───── Exercise materials ─────

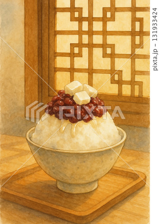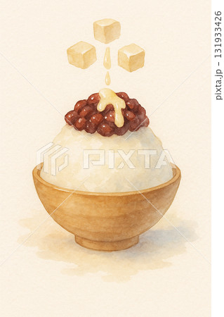 創意構圖紅豆豆花刨冰水彩食物插畫
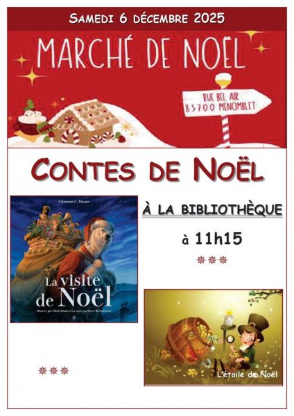 A l'occasion du Marché de Noël, la bibliothèque organise une animation et la lecture de 2 contes de Noël pour les enfants :
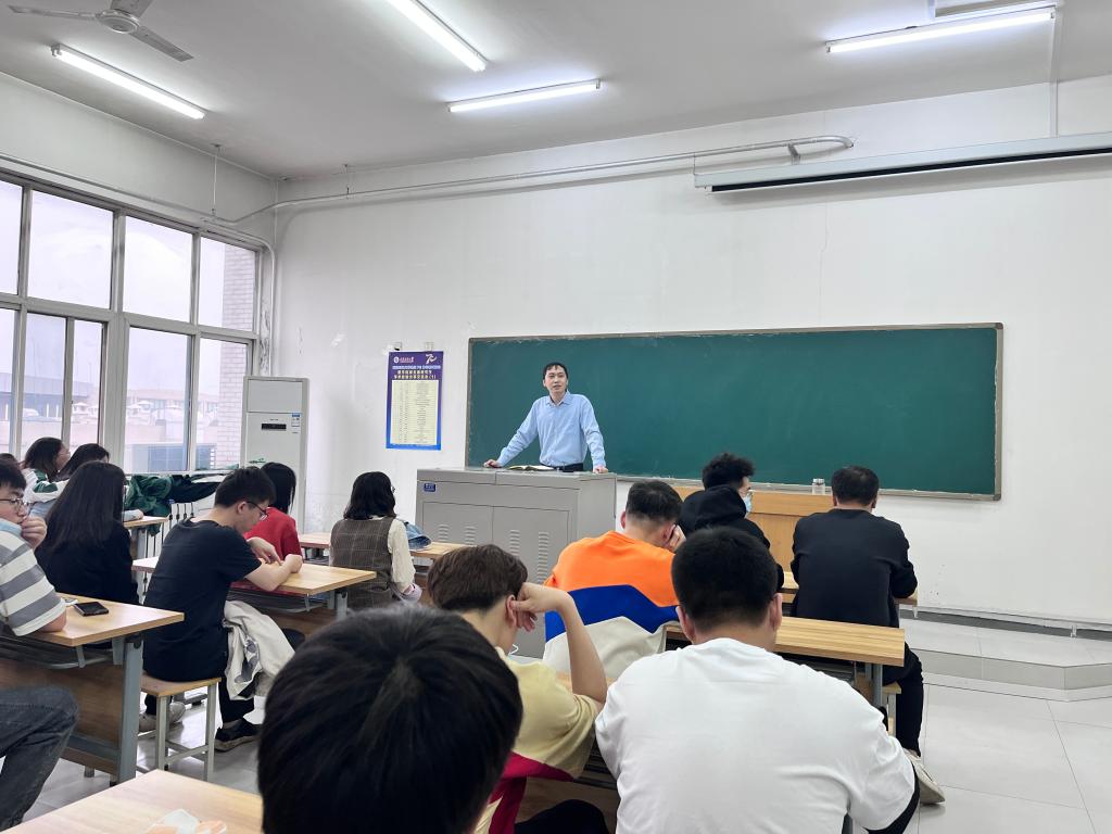 学工办主任丁亦喆向各班级通报就业考研进展,横向比较前两年同期数据,以生动的事例教育引导大家振奋精神再出发,早日实现高质量就业。
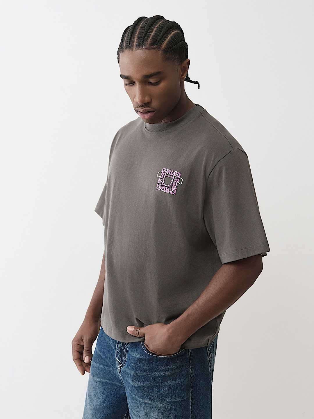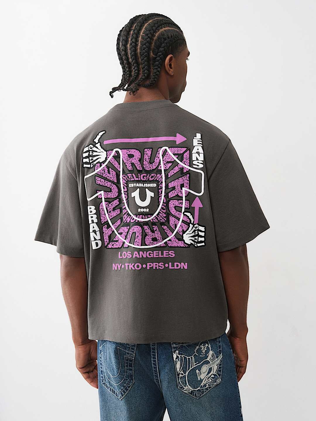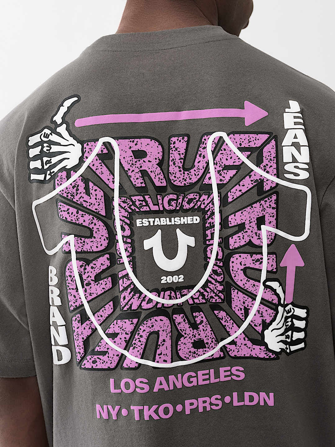 True Religion T-Shirt Thumbs Up Boxy Granite Grey
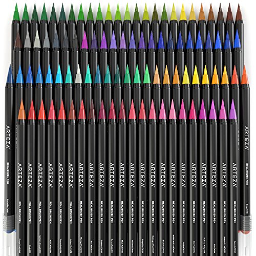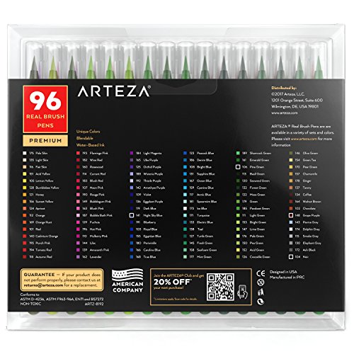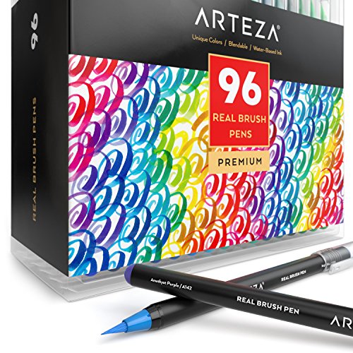 Arteza Real Brush Pens, 96 Paint Markers with Flexible Brush Tips, Professional Watercolor Pens for Painting, Drawing, Coloring & More, 100% Nontoxic, Multiple Colors
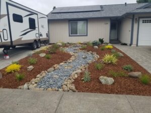 Now it was my turn. First things first. Using a hose I made an outline of the dry river bed. Then I made it four times bigger. Then, just because I was bitter that I was told I couldn’t have a large dry riverbed, I made it even bigger. I scoured Craigslist and found someone selling a pallet of river rocks for $250, that they had leftover from their own front yard project. I laid down some weed cloth and outlined the riverbed. I fell short a few rocks, but I was able to get more from a friend. They had them tossed off in a side yard and didn’t want them. FREE ROCKS!! Shweet.
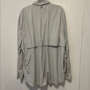 Stylish and versatile gray jacket perfect for any ocean excursion. Side and back ventilation. Features a sleek design with practical pockets. Ideal for layering in cooler weather. Mens size XXL.
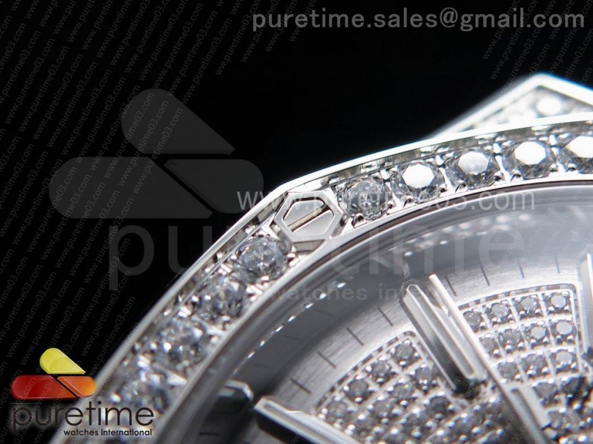 Bezel Full paved diamonds/polished stainless steel bezel (same construction as genuine) with recessed bezel screws as per genuine
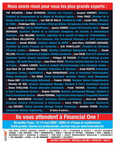 Ils vous attendent à Financial One ! Bruxelles Expo, 12-13 mai 2004 : 4500 m2 d'expo et conférences Entrée gratuite, réservée aux professionnels, inscrivez-vous sur www.financialone.be THE WALL STREET JOURNAL EUROPE • DATANEWS • FCI • STANDARD & POOR'S • SOLVAY BUSINESS JOURNAL • DER AKTIONÄR • BFM • MORNINGSTAR • BANCO • GESTION DE FORTUNE • INFINANCE • RISK • BANQUE & INFORMATIQUE • BANKING & FINANCE • PME-KMO • ASSET MANAGEMENT MAGAZINE • EUROMONEY • ECO MAGAZINE • L'ECHO • LA VIE FINANCIERE • EUROSCRIPT • LES ECHOS •
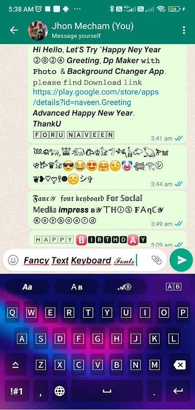 ขอแนะนำ Fancy Text Keyboard แอพขั้นสุดยอดสำหรับยกระดับประสบการณ์แชทบนโซเชียลมีเดียของคุณ ด้วยคอลเลกชันแบบอักษรแฟนซี อีโมจิ สีทึบ และธีมที่หลากหลาย คีย์บอร์ดแฟนซีช่วยให้คุณปรับแต่งบทสนทนาในแบบของคุณอย่างแท้จริงและทำให้มันโดดเด่น ไม่ว่าคุณจะส่งข้อความบน WhatsApp, Facebook, Instagram หรือ Twitter หรือแม้แต่เพิ่มแฮชแท็กและคำบรรยายลงใน Instagram/Snapchat Stories ของคุณ Fancy Keyboard คือคู่หูที่สมบูรณ์แบบสำหรับการแสดงออกถึงความเป็นตัวคุณอย่างมีสไตล์ ใช้ประโยชน์จากคุณสมบัติพื้นหลังที่กำหนดเองของแอปเพื่อปรับแต่งสภาพแวดล้อมการแชทของคุณเพิ่มเติม สร้างความประทับใจไม่รู้ลืมด้วยคีย์บอร์ดทุกที่ที่คุณเลือกเขียน

─────

■ What you need to do ■
Instructions for the copy: start at the first entry, stop after the line containing "Arteza Real Brush", keep every line exact, and drop the pictures.

■ Result for this exercise ■
 創意構圖紅豆豆花刨冰水彩食物插畫
 A l'occasion du Marché de Noël, la bibliothèque organise une animation et la lecture de 2 contes de Noël pour les enfants :
 学工办主任丁亦喆向各班级通报就业考研进展,横向比较前两年同期数据,以生动的事例教育引导大家振奋精神再出发,早日实现高质量就业。
 True Religion T-Shirt Thumbs Up Boxy Granite Grey
 Arteza Real Brush Pens, 96 Paint Markers with Flexible Brush Tips, Professional Watercolor Pens for Painting, Drawing, Coloring & More, 100% Nontoxic, Multiple Colors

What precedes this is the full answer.